Cars driving by, a motorcycle, someone running past with keys or something jingling, a sliding door closing, scraping metal, 2 different conversations, a dog barking, someone walking past through some leaves, a door opening and closing, and a radio or tv playing.

I also did this exercise again after my yoga routine while in corpse pose, this time I was able to hear quieter noises.. my dog licking himself, a video game in the other room, cars driving past, a humming in my ears... although I didn't write this one down, I might try it again tonight and record what I hear so that I remember better.  

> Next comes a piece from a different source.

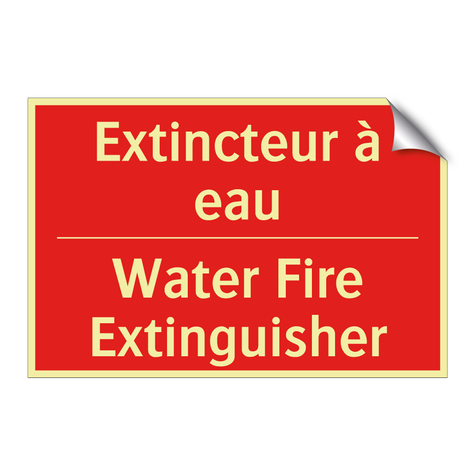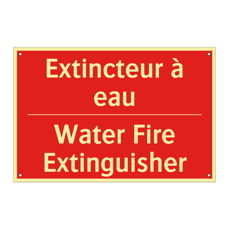 Panneau de signalisation incendie bilingue avec texte en français : "Extincteur à eau", et en anglais : "Water Fire Extinguisher"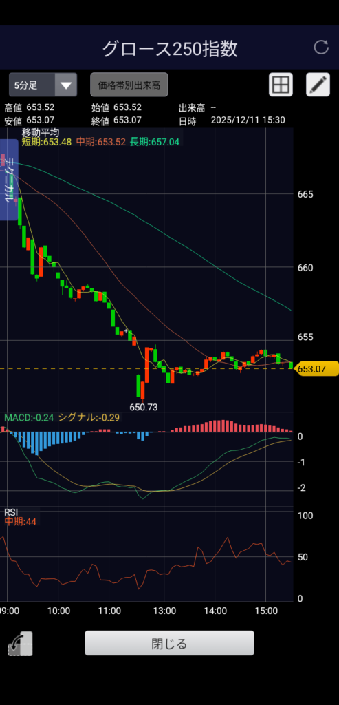 ・グロース250 653.07 前日比-14.61(-2.19%)

I actually did enjoy these exercises a lot, I was able to concentrate a lot better than when I try to meditate and clear my mind. Should I move on to the next level of the auditory exercise now or keep practicing this for a bit?

----------


## Sivason

I think most students will need about a year to get the full impact of everything I am going to teach. You can move at your own pace and just keep coming back to the first lessons now and again. I would try the next step, as this first one is easy enough. I am shocked at how many teachers are wanting students to silence there mind as the  only form of meditation. I actually plan on teaching the elimination of thought as the first Advanced lesson, when some students are ready. Not only is it darn near impossible for even lifetime practioners to maintain for more than a minute (before they must supress a rouge thought) it is not taught with any initial disciple skills that would help,,, and it is not fun or vey mind expanding. Just my opinion on that type of teaching.

----------


## Aphroditedreams

Very true... I don't understand why most teachers start with that either.. 
I have had a super crazy week and haven't had a chance to do any lucid dream work except write in dream journal, but I plan to practice the sensory visualization exercises for a while before I move to the next steps. I will do them during my yoga routine and as I'm falling asleep. Thanks for your input!

----------


## Aphroditedreams

Tonight after my yoga routine I practiced exercise 2..  Touch. At first I noticed my jaw was sore and also the pressure of laying on the ground... Once I paid more attention I also felt my heartbeat, the socks on my feet, my hands were feeling some sensation as well, and lastly my stomach digesting my food. When I concentrated I was able to focus on 5 or so at a time.  Next I switched to hearing.. I was able to hear my Buddha fountain humming, the water flowing down it, cars driving by outside, my puppy pushing his head against the door... I think that's all, I tried to listen to my heartbeat or my stomach rumbling but there was too much competing noise.

----------


## Sivason

Make sure part of what you take from this, is an awareness of how your mind filters out most of your daily life. The sounds are still there, but you do not hear them, until you increase your awareness. Your socks are still there, but you do not  feel them, unless you increase your awareness. If you truely increase your over all awareness, it will make lucid dreaming much easier, as becoming lucid, takes an awareness beyond the normal level.

----------